# Audio Waveform and Mel-Spectrogram Visualization
This notebook demonstrates how to visualize an audio waveform and its corresponding Mel-spectrogram using the NSynth dataset and torchaudio library. The steps involved are as follows:

1. **Instantiate the Raw Dataset**: Load the 'training/validation/testing' split of the NSynth dataset without any transformation.

2. **Instantiate the MelSpectrogram Transformation**: Define the parameters for converting the audio waveform into a Mel-spectrogram.

3. **Select an Example**: Choose an example from the dataset to visualize.

4. **Plot the Waveform**: Visualize the raw audio waveform.

5. **Apply the MelSpectrogram Transformation**: Convert the waveform into a Mel-spectrogram.

6. **Convert to Decibels**: Optionally, convert the Mel-spectrogram to decibels for better visualization.

7. **Plot the Mel-Spectrogram**: Visualize the Mel-spectrogram in decibels.

In [None]:
import sys
print("Notebook Python executable:", sys.executable)
!which python
!pip show deeplake

Notebook Python executable: /Users/pablogarcialopez/.pyenv/versions/TFG-info/bin/python
/Users/pablogarcialopez/.pyenv/versions/TFG-info/bin/python
Name: deeplake
Version: 3.9.44
Summary: Activeloop Deep Lake
Home-page: 
Author: activeloop.ai
Author-email: support@activeloop.ai
License: MPL-2.0
Location: /Users/pablogarcialopez/.pyenv/versions/3.12.7/envs/TFG-info/lib/python3.12/site-packages
Requires: aioboto3, boto3, click, humbug, lz4, nest_asyncio, numpy, pathos, pydantic, pyjwt, tqdm
Required-by: 


In [None]:
%run init_notebook.py

import torchaudio
from src.dataset import NSynth
from torchaudio.transforms import MelSpectrogram
from src.utils.audio_plotting import *
from src.deeplake_dataset import DeepLakeNSynth



# ++++++++++++++++++++++++++++++++++++++++++++++++++++++++++++++++++++++++++++++
# Visualization of an audio waveform without transformation, and its Mel-spectrogram
# ++++++++++++++++++++++++++++++++++++++++++++++++++++++++++++++++++++++++++++++

# 1) Instantiate the raw dataset
# raw_dataset = NSynth('testing')
raw_dataset = DeepLakeNSynth('test')

# 2) Instantiate the MelSpectrogram transformation
mel_transform = MelSpectrogram(
    sample_rate=16000,
    n_fft=1024,
    hop_length=501,
    n_mels=64,
    normalized=True
)

# 3) Select an index to view an example
metadata, waveform, sample_rate = raw_dataset[0]  # example of index 0
# waveform.shape -> [1, num_samples], since it is mono

# 4) Plot waveform
plot_waveform(waveform)

# 5) Apply the transformation to obtain the spectrogram
mel_spec = mel_transform(waveform)  # Returns [1, n_mels, time_frames]
# print("Shape: ", mel_spec.shape)    # Returns [1, 64, 126]
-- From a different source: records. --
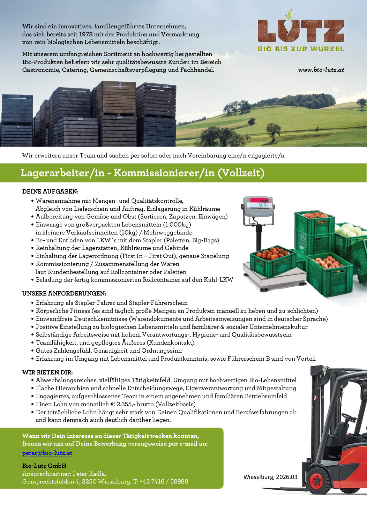 Lagerarbeiter/in - Kommissionierer/in (Vollzeit)
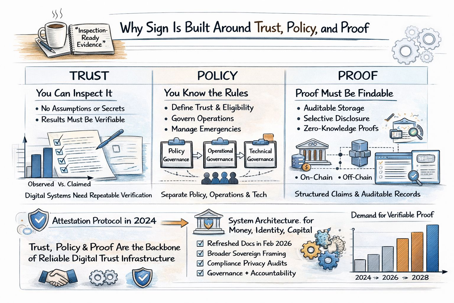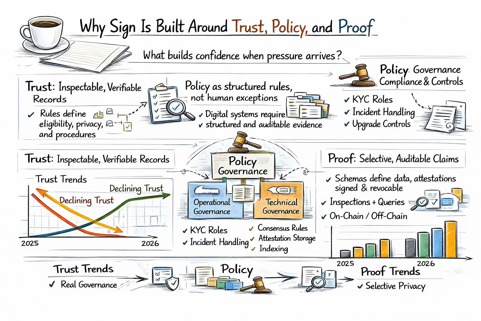 When I step back I do not see Sign mainly as a crypto brand trying to sound institutional. I see an attempt to build administrative memory for digital systems that have become too important to run on informal trust. That is why the combination of trust policy and proof feels coherent to me because trust tells me what must be believable while policy tells me who sets the rules and proof tells me what survives scrutiny. I do not think that solves every governance problem but it does make evasions harder and in a period when digital money credentials and public-facing systems are all getting more regulated and more connected that order seems less like branding and more like basic discipline.
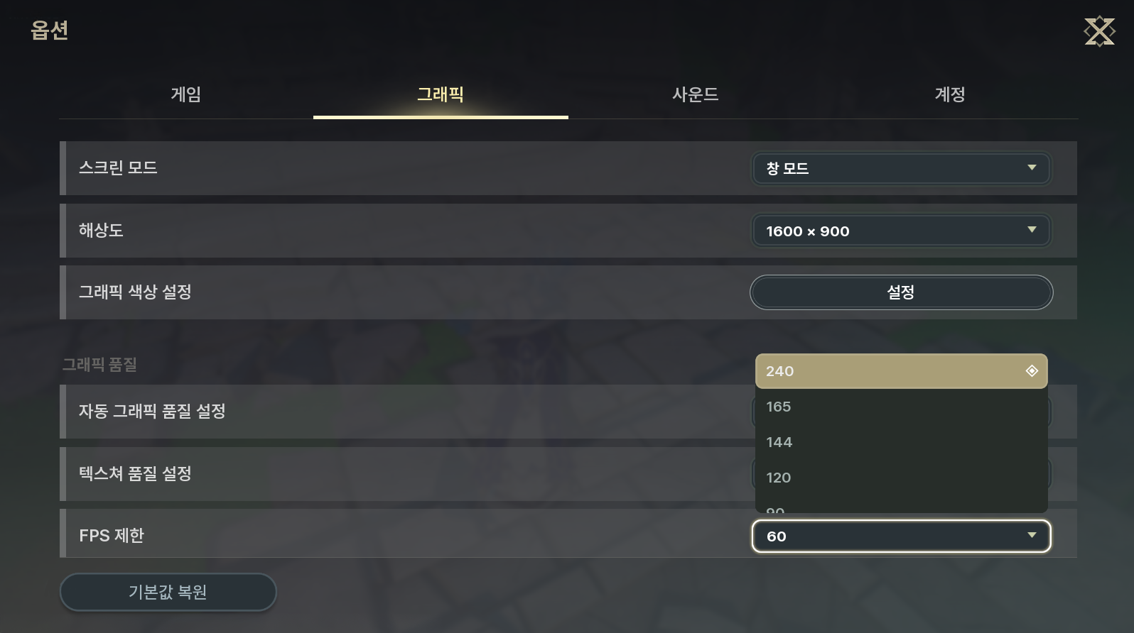 먼저, 원활한 플레이를 위해 FPS의 기본 설정을 PC [60], 모바일 [30]으로 변경했습니다.

# 6) Convert to decibels for better visualization
db_transform = torchaudio.transforms.AmplitudeToDB(stype="power")
mel_spec_db = db_transform(mel_spec)

# 7) Plot the Mel-spectrogram
plot_spectogram(mel_spec_db)

Notebook Python executable: /Users/pablogarcialopez/.pyenv/versions/TFG-info/bin/python


UsageError: Line magic function `%which` not found.